Source: OSNews
Article note: That is an odd project - while the userland was interesting, Irix's kernel was (AFIK) not particularly special, at least not until later. It has always been Unix-brand-Unix with occasionally some BSD derived extensions before they were folded in. The 5.3 release they're talking about is directly SVR4 derived, and it didn't pick up the interesting in-house scalable MP extensions until 6.4, so the kernel they're working is essentially a MIPS port of SVR4.
The IRIX Network, the primary community for SGI and IRIX enthousiasts, has announced a fundraising effort to reverse-engineer the last 32 bit version of the IRIX kernel.

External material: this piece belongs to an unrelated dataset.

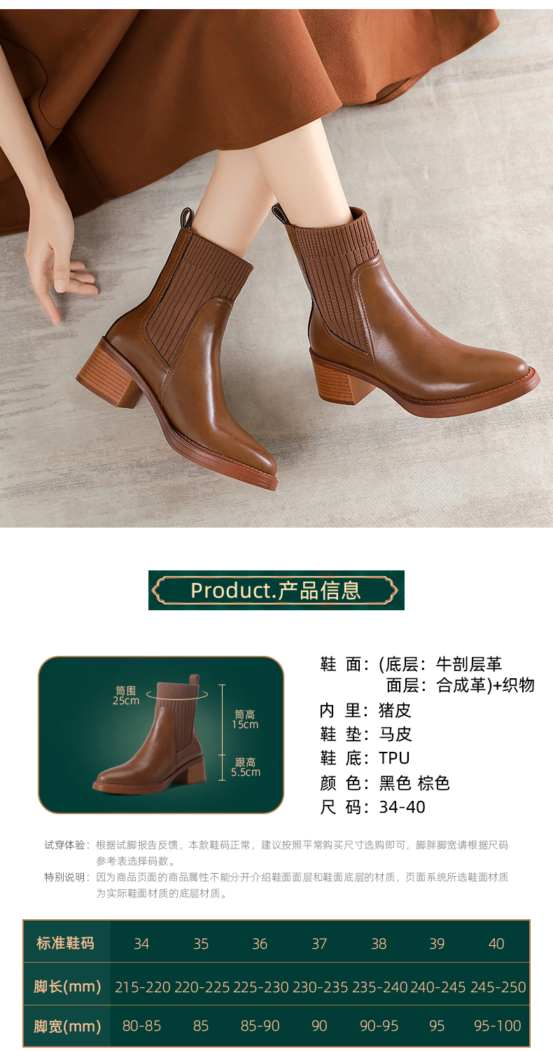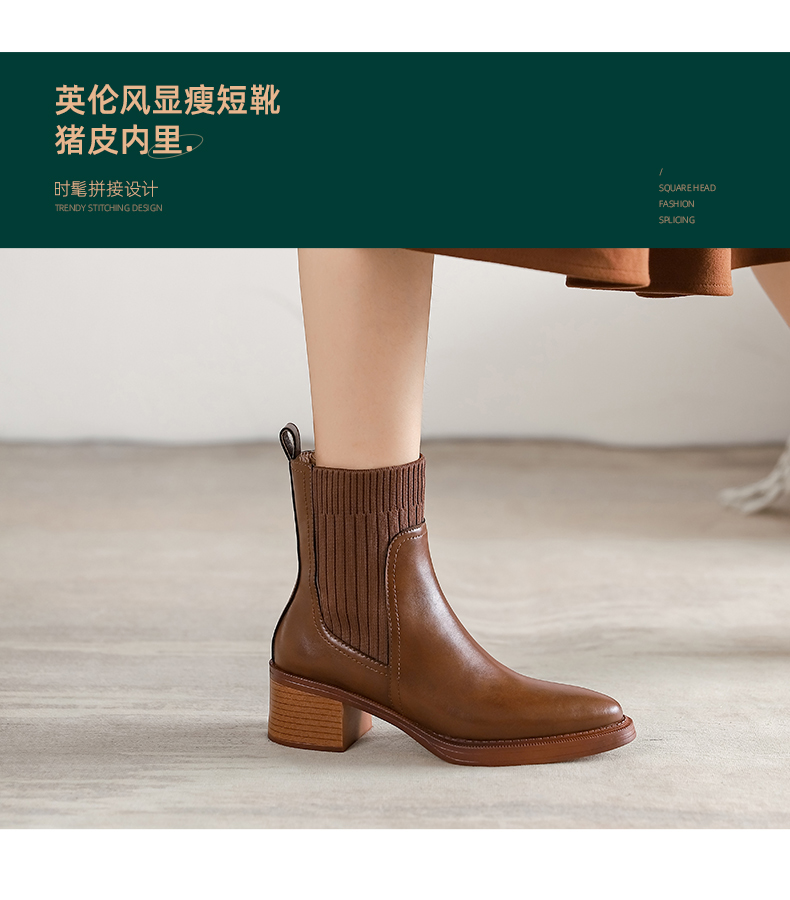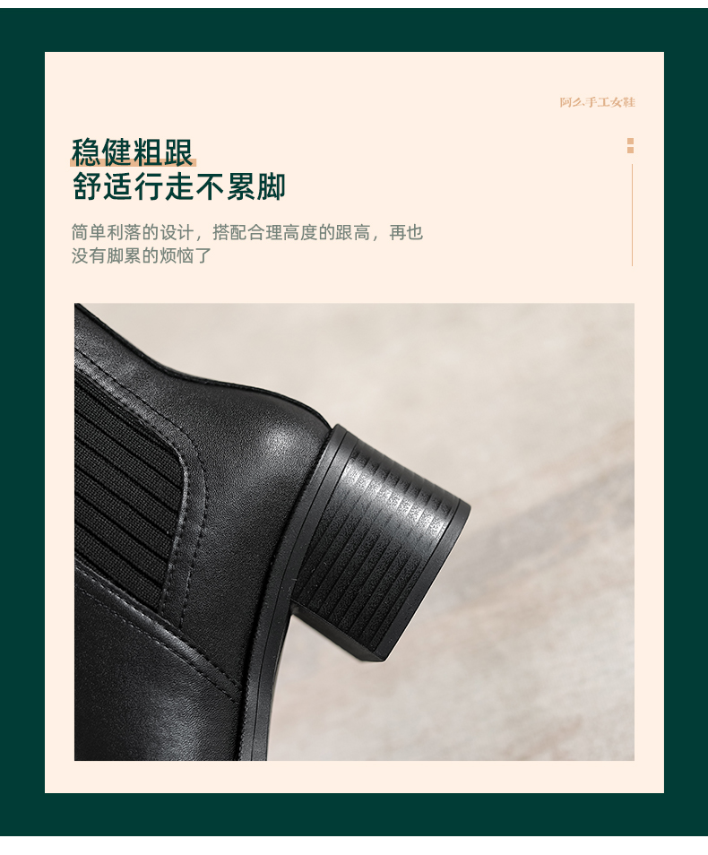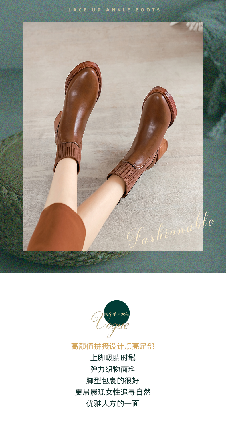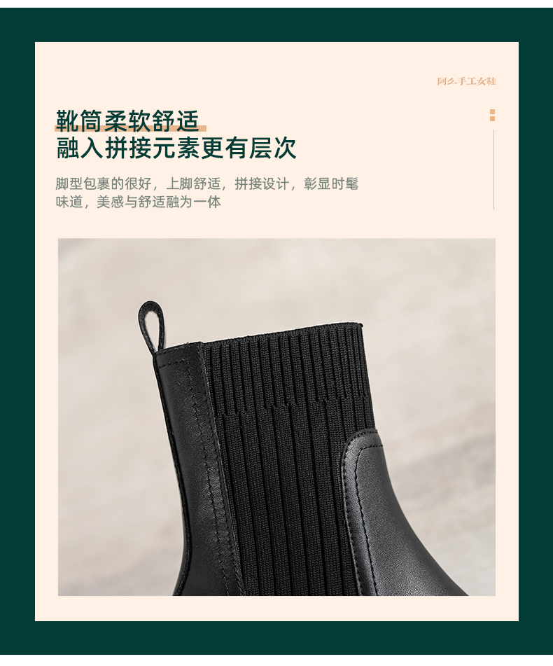 阿么手工女鞋针织粗跟短靴女2023新款一脚蹬百搭5.5CM高跟瘦瘦靴

IRIX-32, so named for its basis on kernel and APIs of the last 32-bit compatible IRIX (5.3) is a proposed reverse engineering project to be conducted by a team of developers in the US and the EU.
Purpose: We will reverse engineer the version 5.3 kernel with future goal of producing a fully open source reference implementation. This is the first major step and the delivery will be documentation and reference material to enable effective emulation and driver development for IRIX.
This is huge. If they can do this, they will save the operating system from an inevitable demise. I’m of course 100% behind this, and the total costs of 8500 dollars – 6500 from the fundraiser, 1000 as a donation from the IRIX Network itself, and 1000 from a few companies still using IRIX – is definitely realistic in the sense that they should be able to meet their goal. It’s not a lot of money, and it’s not meant as fair compensation for the work delivered – the teams of developers involved know this and aren’t asking for such either.
The thread so far is a great read. They haven’t selected a fundraising platform yet, but I am definitely throwing money their way once they do.